I woke up in the middle of the night, feeling anxious and thirsty. I got up to go and get some water from the kitchen but stopped when I saw a man’s figure standing by the door. For some reason I did not feel startled, I just stared at his direction waiting for him to say something. The light shining from underneath the closed door projects his shadow filling most of the space on the floor.
“Why are you here?” I ask
“I don’t know, you tell me you’re the who summoned me” he replies, his voice is raspy and low. The air feels thicker with his words resonating in the room.
“No, I didn’t, I was asleep minding my own business” I started to feel annoyed. I’ve got an exam tomorrow, I can’t deal with this right now.
“Hmm, and what were you dreaming about?” he asks and I can hear the smirk on his lips.
“Some maths equations that are likely to come up in the exam tomorrow. Some that I might not be able to solve because I need to sleep and you’re interrupting that”
“I will leave if you want me to, but what about those equations. I think you need the answers to them”
“Yes I do, will you help me with that?”
“Sure, I did say that you’ve summoned me for a reason,” he says confidently. I roll my eyes
“Fine let’s do some maths, because why not. 3 am maths is so much fun” ……
I never got to finish reading that story to my peers. This is an unfinished story I wrote when I was in middle school. The teacher gave us an in-class writing assignment, he said free your imaginations and tell me a story. We had 30 minutes to write then we all got a chance to read it to the class out loud. The other kids wrote about romance, cars, the future and whatnot. When I stood in front of the class and started reading mine the boys heckled and the girls gave me stares like I was crazy.
“oooh, a man in your room in the middle of the night” I remember one of the boys yelling from the back of the classroom.
I can’t remember how the story ended and what was the punch line. But I remember being happy with the story, I thought that what I wrote was very creative and it had a different approach to story writing. And that happiness got taken away from me when my writing style was ridiculed by my classmates. The teacher did not come to my rescue either, he just stood there waiting for me to finish reading, he had an uncomfortable smile. I stood in front of the class feeling embarrassed and thinking why couldn’t I just write about what I do after school. Why couldn’t I just write something “normal”, one guy wrote about how sleeping is his favourite hobby after all and that got received well by everybody. They clapped for him and everything.

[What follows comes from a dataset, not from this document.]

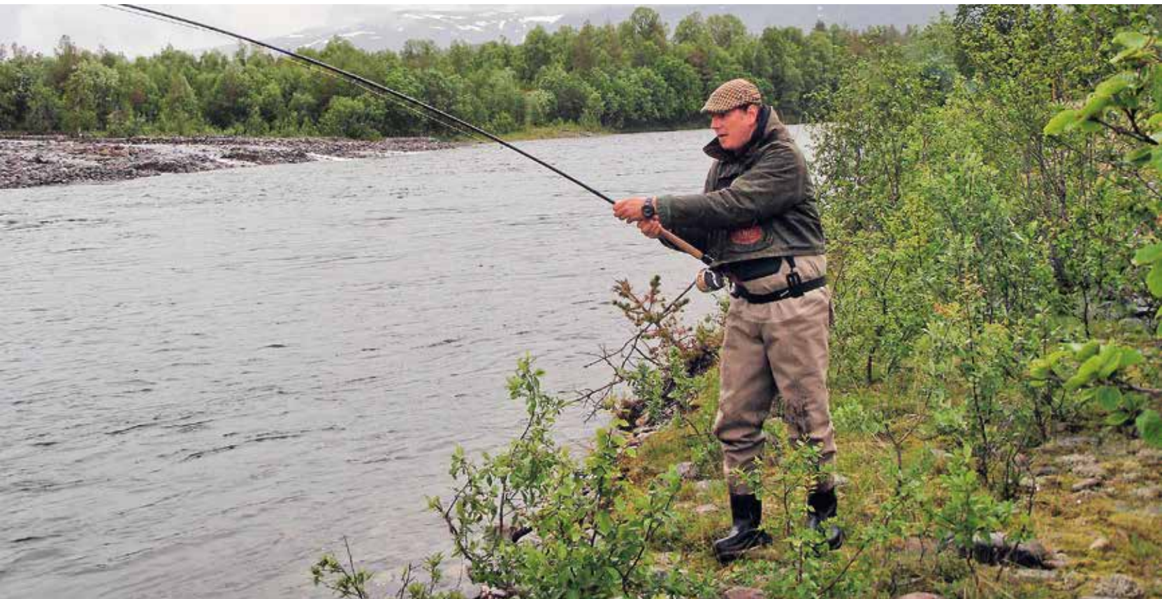
Kiinni on, mutta pysyykö?

I felt so sad that I didn’t get to finish my story but I told the boys to shut up and I stared back at the girls and walked back to my seat. They laughed as I walked back. Nobody understood what I was talking about, the whole class laughed and the teacher told me to rewrite something more appropriate. He smirked with them.
Looking back at that memory, it is definitely one that hindered my creative writing. There is always a thought at the back of my mind, what if it’s too much, what if nobody understands what I write.
Yet with every sentence, I write these days I crush those thoughts. I silence the laughs and the heckles that I heard that day. I owe it to 14 years old me to keep writing about the strange old men in my room and about the shadows that whisper to me about maths equations.